Any phrasing content can be used inside mi, mo, mn, ms and mtext elements.
The <svg> element can be used inside annotation-xml elements.
Any flow content can be used inside annotation-xml elements with encoding application/xhtml+xml or text/html.
16:19
<bkardell>
ah ok you see that
16:25
<bkardell>
thx annevk
17:26
<dveditz>
I mean a CSP policy that totally opted out seems… not silly, at first glance?
I love CSP, and at one point envisioned it being used for all security policy things like this, but that was early on when we (Mozilla folks, at least) naively thought servers would mostly go for a site-wide policy served from a URL referenced in the header. It could expand as needed because it would end up cached like the site's large style sheets or JS framework libraries. But given the reality of today's complex header policies in practice I'd prefer seeing if there's a better delivery mechanism for that.
17:26
<dveditz>
Is "Document Policy" going anywhere?
17:41
<dveditz>

Opt out of what, exactly? Maybe opt IN to actually enforcing the lowercase "must"s in the spec?

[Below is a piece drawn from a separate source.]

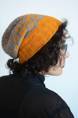 The sample was made with Tyrrell DK by Martin’s Lab. Shown in colorways Autumn in Poland, MC; and Tabby, CC.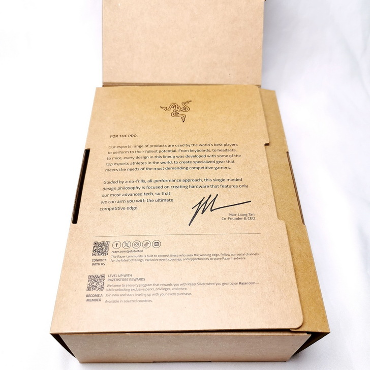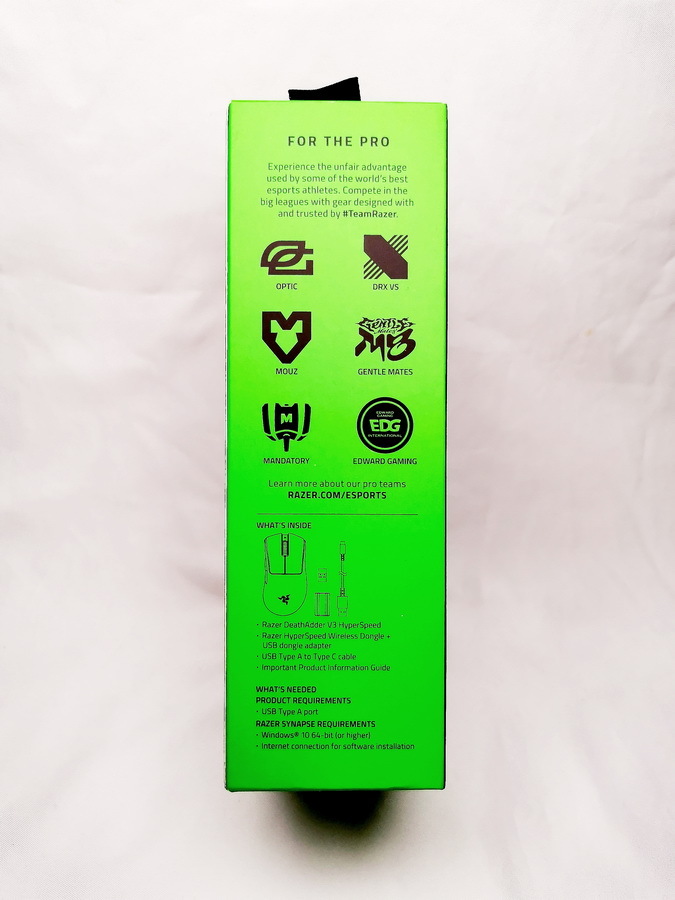 ▼ 盒裝左側有著諸多愛用雷蛇產品的電競戰隊LOGO,下方則是盒裝內容物的圖示。

When specified on HTML elements, the id attribute value must be unique amongst all the IDs in the element's tree and must contain at least one character. The value must not contain any ASCII whitespace.

17:43
<dveditz>
although what would enforcement mean? probably that "invalid" ids are simply ignored (plus a console error) and the web dev has to debug their page
17:43
<dveditz>
oops, misread "character" as "alpha character". that wouldn't solve the problem in the tweet.
17:48
<Sam Sneddon [:gsnedders]>

Opt out of what, exactly? Maybe opt IN to actually enforcing the lowercase "must"s in the spec?

When specified on HTML elements, the id attribute value must be unique amongst all the IDs in the element's tree and must contain at least one character. The value must not contain any ASCII whitespace.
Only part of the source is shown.